Top Ten: Weekend reads: the slowing housing market and inverted yield curve signal a coming recession
It is human nature to fear missing out as prices skyrocket, But all bubbles burst eventually.
Ian Shepherdson of Pantheon Macroeconomics predicts a 25% decline in U.S. home sales. What will that do to prices? Weigh in with your thoughts.
A classic signal for a recession
On March 24, the yield on five-year U.S. Treasury notes was 2.40% and the yield on seven-year notes was 2.43%. Both were higher than the 2.38% yield on 10-year Treasury notes. Normally, the longer the maturity, the higher the yield on bonds with similar credit risk.
In the Market Extra column, Viven Lou Chen explains how inverted yield curves signal recessions.
Vijay Modhavdia, managing director of Deuterium Capital Advisors, explains why recession signals have led him to reduce exposure to financial stocks by 50%.
When interest rates rise, bond prices fall. As part of the In One Chart series, Steve Goldstein shows bond prices are on pace for their worst bear market since 1949.
William Watts explains why the stock market hasn’t fared worse as the Federal Reserve has signaled more aggressive interest-rate increases.
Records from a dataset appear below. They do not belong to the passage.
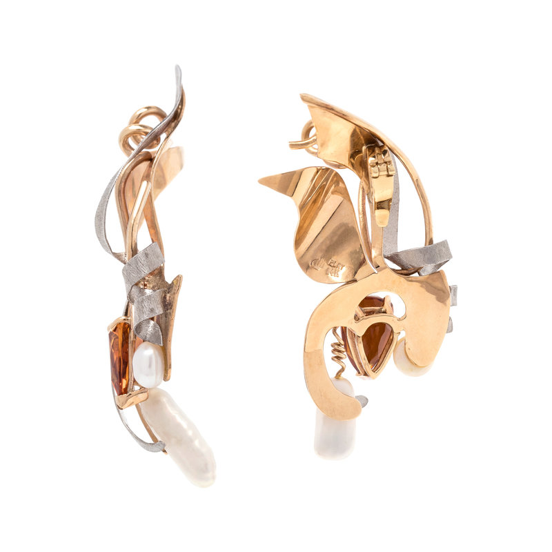 Consisting of a pendant containing one Baroque pearl, one round pearl and one pear mixed cut citrine in a swirling design, together with a pair of earrings containing two Baroque pearls, two round pearls and two pear mixed cut citrines. Pendant: 2 1/4 inches long. Earrings: 2 inches long.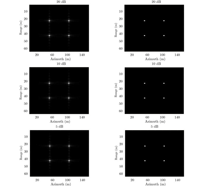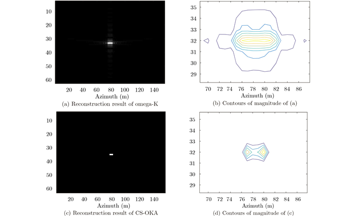很多文献已经证明压缩感知应用在SAR成像中的有效性.现有的CS-SAR成像算法非常耗时, 尤其是对于高分辨率的图像来说更甚.该文针对稀疏场景提出了一种基于omega-K算法, 精确且高效的CS-SAR成像算法——CS-OKA算法.我们首先推导出了omega-K算法的逆算子, 可不通过发射信号和场景的卷积来直接得到回波信号.在此基础上我们将SAR成像问题建立为一个稀疏优化问题, 并用迭代阈值的方法来求解.仿真结果表明, 当场景稀疏时该文的方法可以在远低于Nyquist采样率的前提下有效地恢复出原始场景, 并且时耗和存储量都显著降低. 很多文献已经证明压缩感知应用在SAR成像中的有效性.现有的CS-SAR成像算法非常耗时, 尤其是对于高分辨率的图像来说更甚.该文针对稀疏场景提出了一种基于omega-K算法, 精确且高效的CS-SAR成像算法——CS-OKA算法.我们首先推导出了omega-K算法的逆算子, 可不通过发射信号和场景的卷积来直接得到回波信号.在此基础上我们将SAR成像问题建立为一个稀疏优化问题, 并用迭代阈值的方法来求解.仿真结果表明, 当场景稀疏时该文的方法可以在远低于Nyquist采样率的前提下有效地恢复出原始场景, 并且时耗和存储量都显著降低.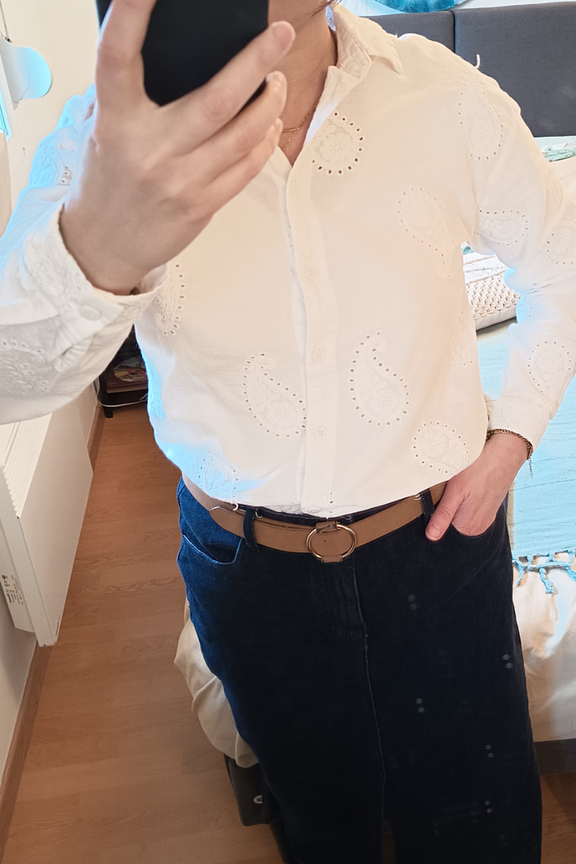 “Très belle chemise sympa à porter. Un peu transparente, mettre un top en dessous.”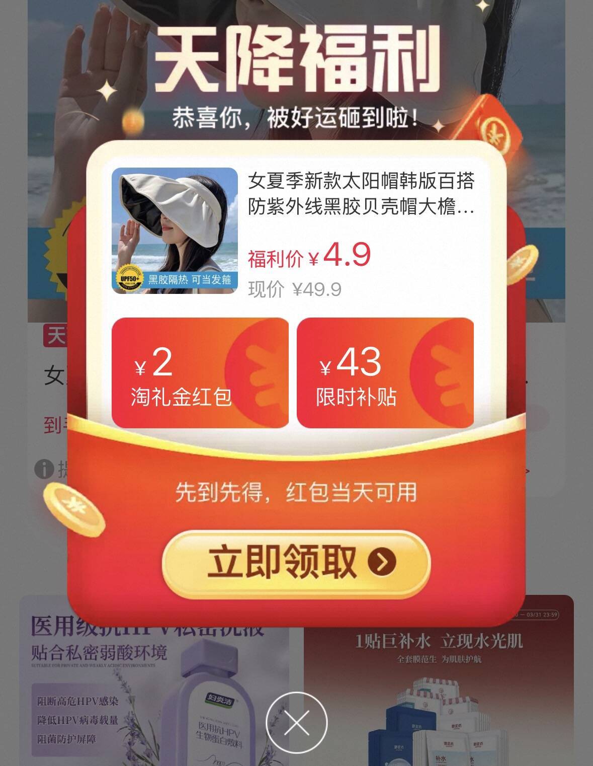 天降李琻4.9元 <br />大帽檐防晒帽多色任选<br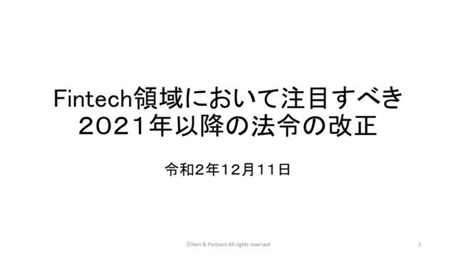 資金移動業者破綻時の資金保全 : 保険や保証会社による保証? ② 換金性(現金化)の確保 : 月1回以上の無料引出し? ③ 不正利用・不正引出しの防止 : (多要素認証?) + 改正資金決済法の滞留規制との関係も整理が必要 ⓒHori & Partners All rights reserved 26

A counterargument for bank stocks
While the Treasury yield curve for 5-, 7- and 10-year notes has been inverted, the spread between yields on 3-month Treasury bills and two-year Treasury notes has widened considerably. This is good news for banks, as loans reprice at higher interest rates while the cost of deposits remain low.
Sam Peters of ClearBridge makes the case for bank stocks as industry profitability increases and credit quality remains strong.
Is Tesla’s stock cheap?
Tesla CEO Elon Musk with a Tesla Model Y.
AFP via Getty Images
Shares of Tesla were down 18% through March 24 from their closing high on Nov 4. The electric car maker’s factory in Berlin opened this week and is expected to add 500,000 units to the company’s annual production capacity.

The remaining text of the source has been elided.